Simulation framework
The NVM technologies are still not mature, and only a limited number of prototype chips have been demonstrated; these just cover a small portion of the entire design space. In order to facilitate the architecture-level NVM research by estimating the NVM performance, energy and area values under different design specifications before fabricating a real chip, NVSim [44] was built as a circuit-level modeling framework for NVM performance, energy and area estimations; it supports various NVM technologies including STT-RAM, PCRAM, RRAM and legacy NAND flash.
Architecture-level modeling
In addition to circuit-level modeling requirements, NVM memory designs consist of new concepts that are not applicable to SRAM and DRAM. Major differences include mitigating write problems, endurance improvement techniques, multi-level storage, and potential for hybrid memory designs. In order to model these differences, NVMain was developed as an NVM-specific memory framework [45] . The framework outlines two key features that make it desirable for NVM memory modeling. First, a modular design is used so that different methods of alleviating endurance, writes issues and hybrid memories can be easily enabled or disabled for architectural design space exploration. Second, it is the first main memory simulator to consider data values and does so in an efficient manner. Data values are very useful to explore application-level implications of NVM designs, especially multi-level cell-based memories. Several techniques have been proposed in the literature for all of these difference and are described in the section entitled 'Adopting NVMs in conventional memory hierarchy'. Here we give more details about how and why they may be modeled in an NVM main memory framework.

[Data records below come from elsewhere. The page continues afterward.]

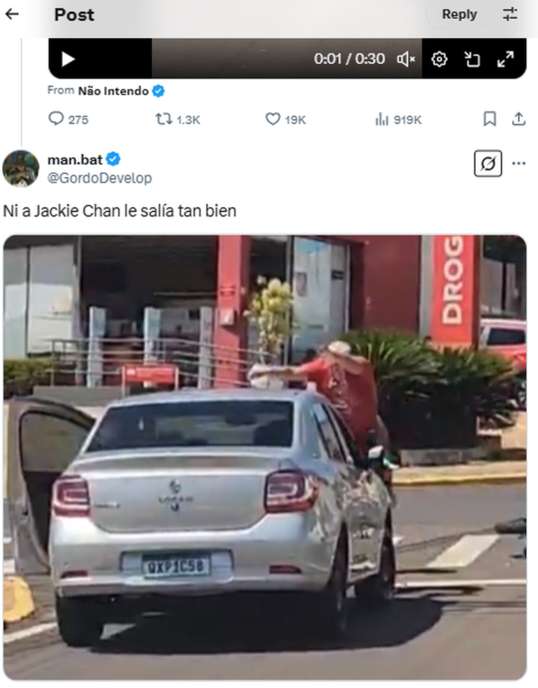Una feroz pelea se desató en las calles de Presidente Prudente, en Brasil, cuando el conductor de un Renault Logan se vio envuelto a las piñas con un hombre que circulaba en moto.
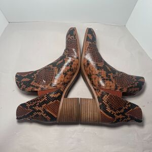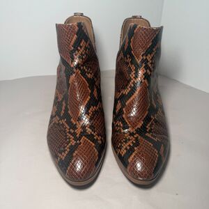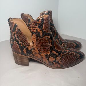 Franco Sarto Women Roar Snake Embossed Notched Bootie Cognac Brown Size 9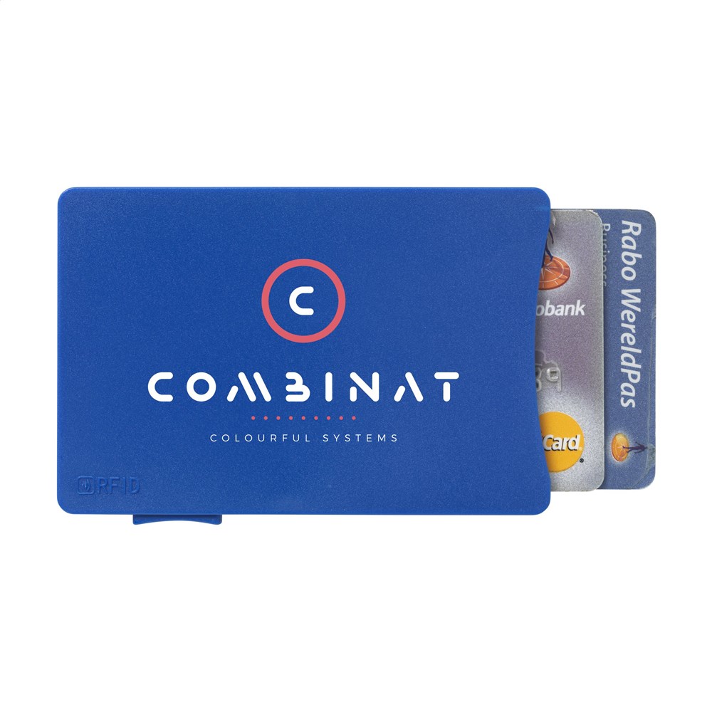 Praktische RFID blokkerende multi-kaarthouder van kunststof met handig schuif-systeem. Beschermt pasjes tegen onvrijwillig, digitaal uitlezen van identiteitskaarten, creditcards en bankpasjes. Geschikt voor 3 passen.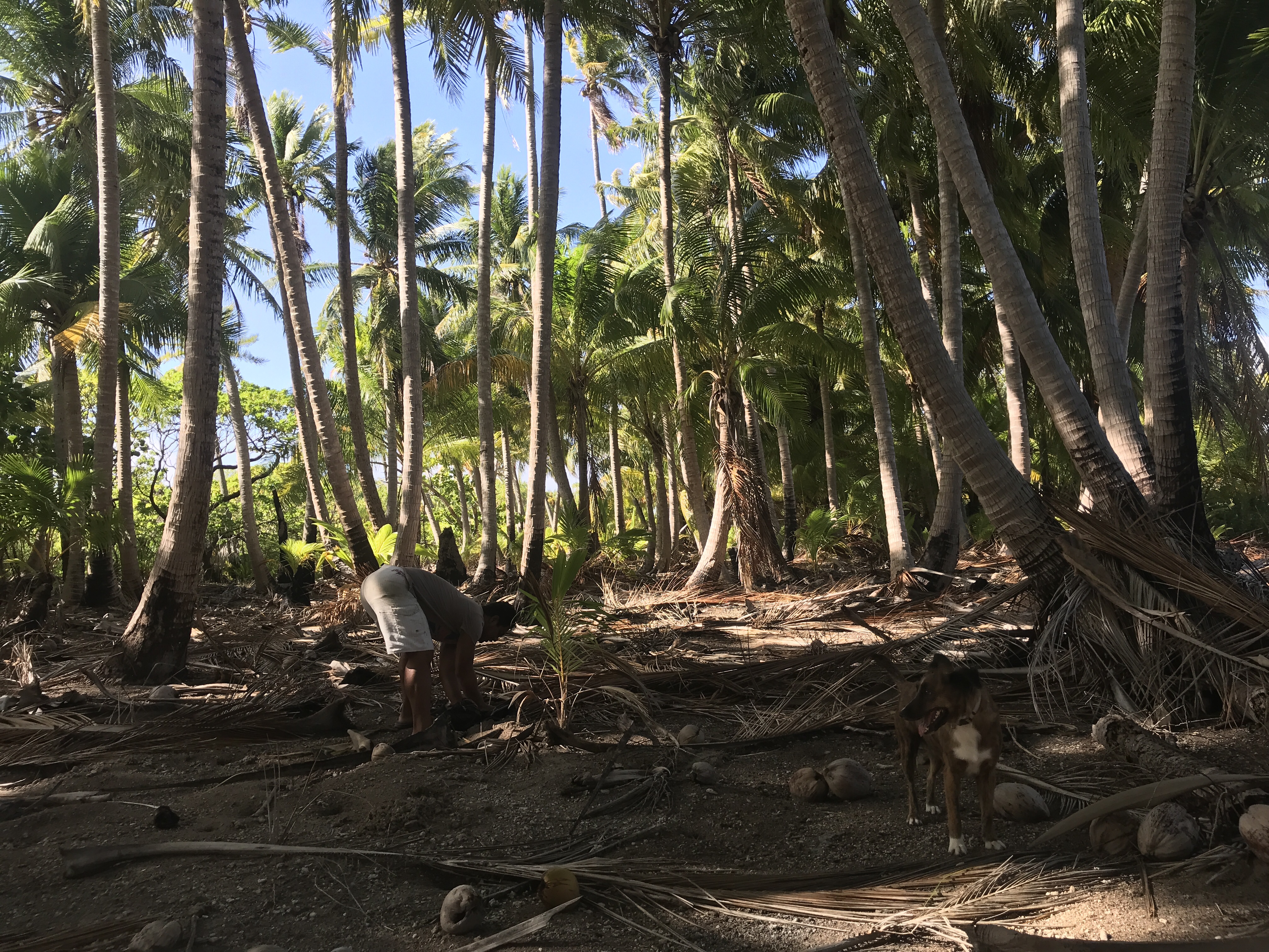The current could’ve easily swept me out to sea, so I cut back across the channel to Valentine and Gaston’s beach. Valentine mixed up a batch of icy cold tropical pink grenadine juice in a bucket for the guys working in the copra fields. She poured us each a glass. A few days prior she was distant, eyeing this outsider with wariness and formal politeness. Now, she confided in me about family drama with tears in her eyes, happy to have someone to listen to her, I gave her a bear hug. Over many years traveling alone in rural places, I’ve learned that matriarchs like Valentine are to be respected and catered to, but not feared. They test you, try to scare you with rough talk or by ignoring you, and if you continue on, unafraid, helping in the right ways and staying close to the daily rhythms, the matriarch will slowly bring you into her world.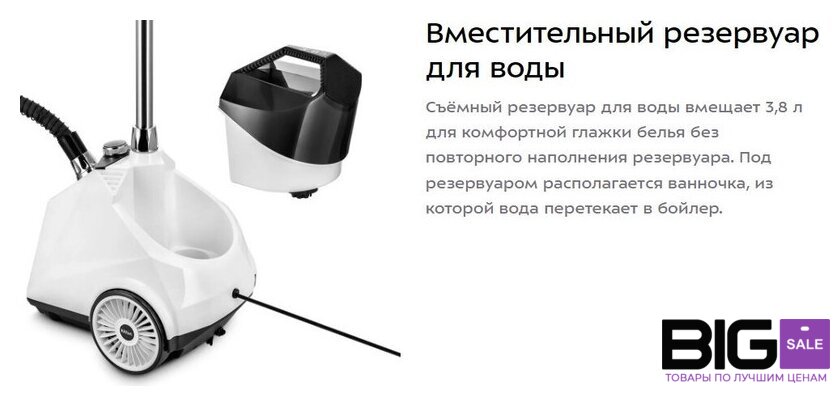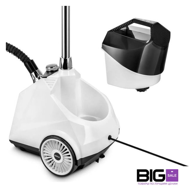 | Дополнительные насадки и приспособления | - отпариватель с заглушкой сливного отверстия- паровой шланг- резервуар для воды с крышкой- телескопическая стойка- гайка телескопической стойки- цанговый зажим- складная вешалка с выдвижным крючком- вешалка для брюк с 2 прищепками- ворсовая щетка-зажим- защитная варежка- руководство по эксплуатации |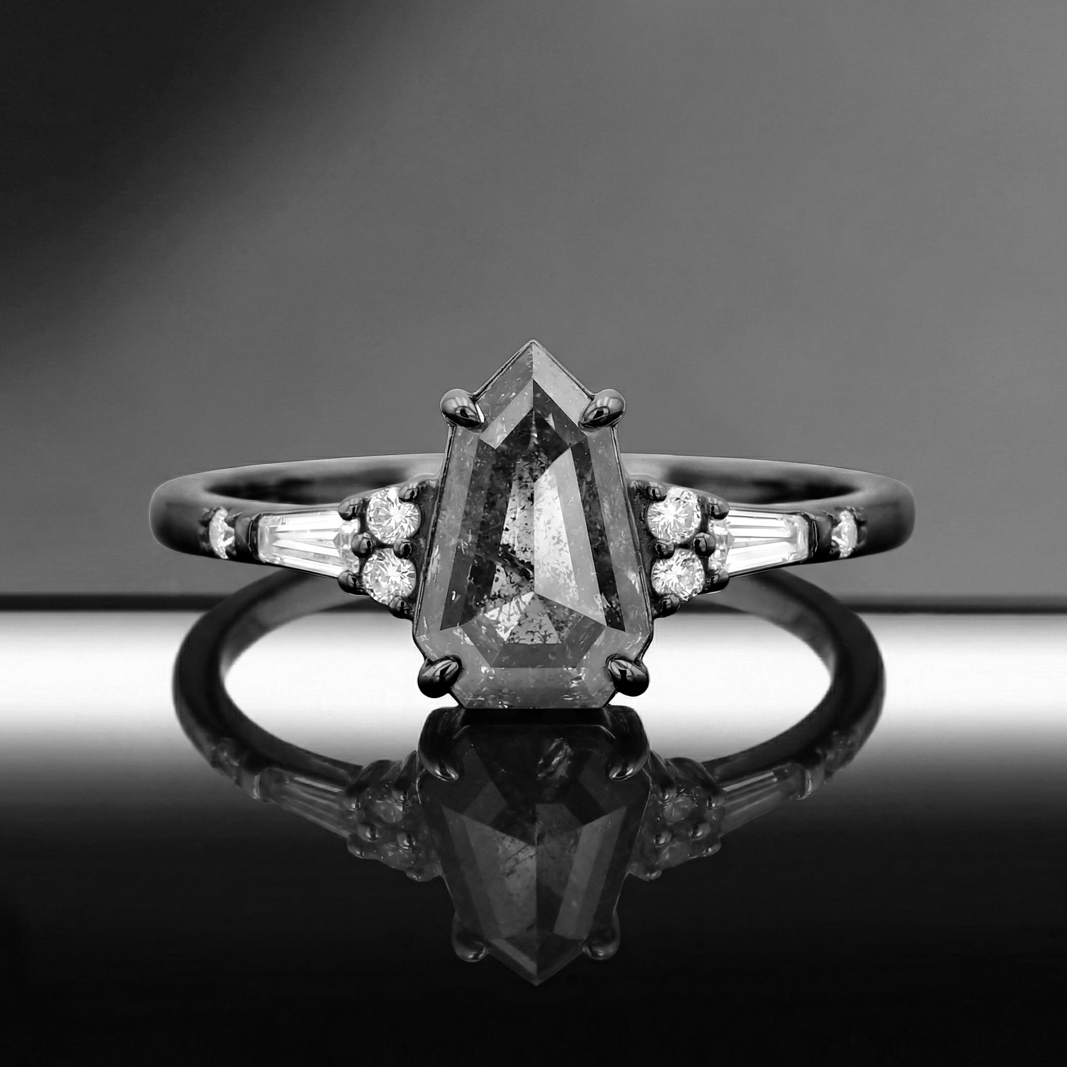 The ring is gorgeous! It also came in a beautiful coffin box. Of course, she said YES! 🖤 My custom ring is also a perfect fit!

Modeling lifetime optimizations
Techniques for managing NVM lifetime are modeled by providing the ability for both data encoding to reduce writes and address manipulation to REVIEW provide fault correction and a more uniform distribution of writes known as wear-leveling. In the data encoding approach, the model considers both the time and energy required to encode data in order to improve lifetime. Typically, this requires writing as few bits as possible, so we must also be able to model read-before-write techniques depending on implementation. This will impact the total latency of write requests and thus should always be considered in such implementations. For implementations that do not require read-before-write approaches, encoding techniques that trade lifetime for latency can also be simulated. In the case of wear-leveling and errors that cannot be corrected, NVM designs may choose to build 'spare' rows or use 'pointers' to other locations in memory that will also impact access latency and should be modeled.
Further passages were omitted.